*BRIEF*
Output, exactly as written, the lines below starting at the line containing "La cartina sopra" and ending at the line containing "撇口,深腹,矮圈足。外腹绘数". Drop the pictures and keep both end lines.

*MATERIALS PROVIDED*
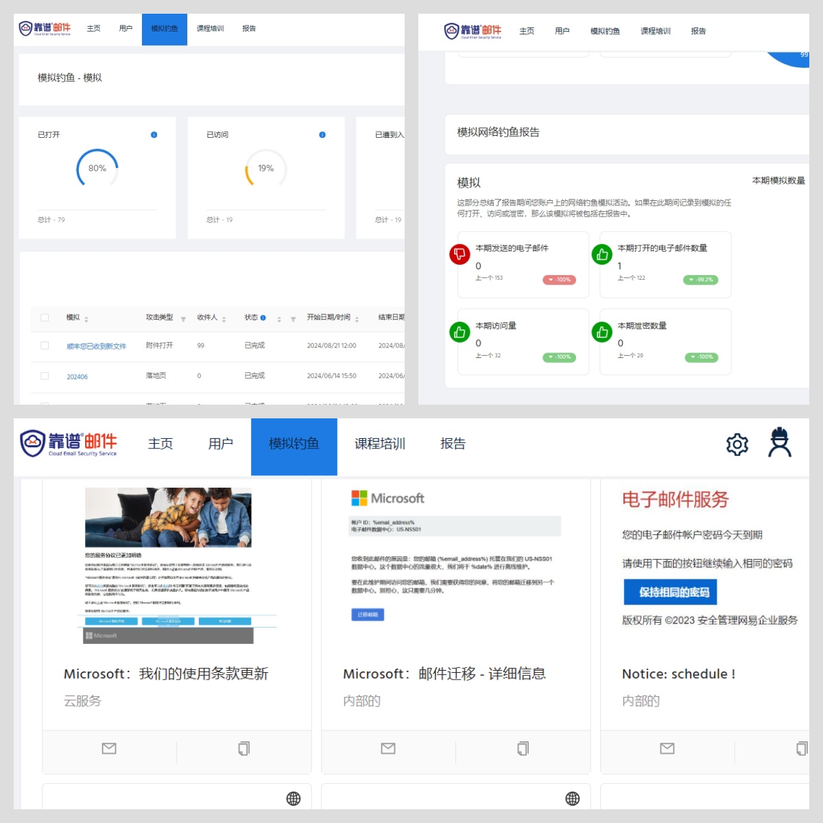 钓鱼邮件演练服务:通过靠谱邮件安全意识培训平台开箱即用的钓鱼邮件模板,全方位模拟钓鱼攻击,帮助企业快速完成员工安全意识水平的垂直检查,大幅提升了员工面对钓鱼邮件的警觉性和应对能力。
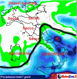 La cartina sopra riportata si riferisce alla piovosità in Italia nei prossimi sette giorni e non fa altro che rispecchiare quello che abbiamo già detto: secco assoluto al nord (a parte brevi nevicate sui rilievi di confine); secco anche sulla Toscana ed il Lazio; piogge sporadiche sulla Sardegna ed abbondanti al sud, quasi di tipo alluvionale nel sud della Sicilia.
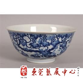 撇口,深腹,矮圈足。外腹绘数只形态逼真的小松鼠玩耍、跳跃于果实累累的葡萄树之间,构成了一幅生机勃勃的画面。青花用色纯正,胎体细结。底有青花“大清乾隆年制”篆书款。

==

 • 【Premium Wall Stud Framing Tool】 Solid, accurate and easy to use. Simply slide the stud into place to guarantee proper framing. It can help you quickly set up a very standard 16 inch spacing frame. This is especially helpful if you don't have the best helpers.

==

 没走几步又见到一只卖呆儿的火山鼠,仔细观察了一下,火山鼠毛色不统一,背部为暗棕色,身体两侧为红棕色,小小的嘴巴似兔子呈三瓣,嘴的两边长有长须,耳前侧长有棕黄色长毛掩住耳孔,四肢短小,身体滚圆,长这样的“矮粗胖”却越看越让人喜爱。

*ANSWER BOX*
 La cartina sopra riportata si riferisce alla piovosità in Italia nei prossimi sette giorni e non fa altro che rispecchiare quello che abbiamo già detto: secco assoluto al nord (a parte brevi nevicate sui rilievi di confine); secco anche sulla Toscana ed il Lazio; piogge sporadiche sulla Sardegna ed abbondanti al sud, quasi di tipo alluvionale nel sud della Sicilia.
 撇口,深腹,矮圈足。外腹绘数只形态逼真的小松鼠玩耍、跳跃于果实累累的葡萄树之间,构成了一幅生机勃勃的画面。青花用色纯正,胎体细结。底有青花“大清乾隆年制”篆书款。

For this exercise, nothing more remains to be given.